Socure offers an easy-to-implement alternative to legacy verification methods. Socure Account Intelligence 2.0 (SAI) is a bank account verification solution designed to enable companies to reach the millions of consumers who currently lack access to traditional banking opportunities. So, what makes SAI’s approach unique?

First, Socure Account Intelligence requires only three pieces of information from a customer in order to verify their account: their name, account number, and routing number. Minimizing the amount of data collected protects the privacy of your customers and mitigates the risks of handling sensitive information.

Second, existing bank account verification solutions overly rely on data from traditional financial institutions, hindering financial inclusion and the fastest-growing segment of new account growth from younger consumers and new-to-country. Socure Account Intelligence 2.0 solves this challenge by leveraging alternative and consortium data to verify the status and ownership of non-traditional accounts at digital banks, credit unions, and regional banks, unlocking an incremental 10-20% lift in coverage creating a more inclusive financial services experience for all users.

Finally, Account Intelligence provides results in real time through a single API, allowing businesses to verify accounts and transfer funds faster than ever before and provide the kind of seamless transaction experience that consumers appreciate.

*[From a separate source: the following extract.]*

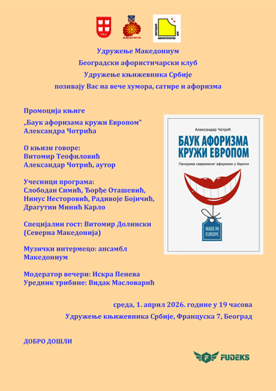 По повод Денот на шегата – 1 Април, здружението „Македониум“, во соработка со Белградскиот афористичарски клуб и Здружението на книжевници на Србија, организираше вечер посветена на хуморот, сатирата и афоризмот, која се одржа во Клубот на писателите на Србија во Белград.

Benefits of Socure Account Intelligence

SAI’s bank account verification solution offers multiple advantages over legacy methods, including:

  • Improved customer experience: SAI enables faster and more frictionless onboarding and payments, avoiding requiring the login credentials used by permission-based alternatives.
  • Enhanced efficiency: Real-time verifications and automation eliminate the need for manual interventions.
  • Inclusive coverage: Verifies accounts at digital banks, credit unions, and regional institutions, unlocking 10-20% more coverage for hard-to-verify consumers such as Gen Z or new-to-country.
  • Bolstered security: SAI’s approach eliminates the need for customers to share sensitive banking credentials.
  • Cost savings: Unlike most verification solutions that charge a fee per transaction, Socure offers a pay-for-performance model that features volume-based discounts. If SAI fails to provide a definitive verification, no fee is owed.
  • Upgraded compliance: SAI adheres to Nacha’s WEB Debit Account Validation Rule. Compliance with this rule is required to complete any ACH transactions.
  • Greater assurance: When SAI is paired with Socure’s identity and fraud solutions, Socure’s consortium database of actual customer outcomes of over 2 billion known good and bad identities provides increased confidence in good customer outcomes.

How SAI 2.0 Enables Inclusive Financial Access

For thin-file consumers who cannot easily access and participate in the traditional financial system, SAI 2.0 helps drive inclusive access by ensuring that they can benefit from bank account verification.

Socure Account Intelligence 2.0 helps businesses verify and include more diverse customer segments such as:

  • Gig economy workers paid through digital platforms
  • Immigrants and expats using regional or home country banks
  • Younger consumers favoring digital-only banks
  • Low-income households relying on local credit unions

By providing access to the broader financial system, expanding bank account verification promotes financial inclusion and equity around the world.

Instant Account Verification For Traditional and Non-Traditional Accounts

Without trustworthy bank account verification, businesses cannot confidently conduct secure transactions online, harming the growth of the digital economy. While legacy methods are limited in speed, scope, and effectiveness, Socure Account Intelligence 2.0 offers instant, frictionless, and accurate verification for both traditional and non-traditional accounts. SAI 2.0 enables users to automatically verify bank accounts, seamlessly onboard customers, and effectively mitigate the risk of fraud.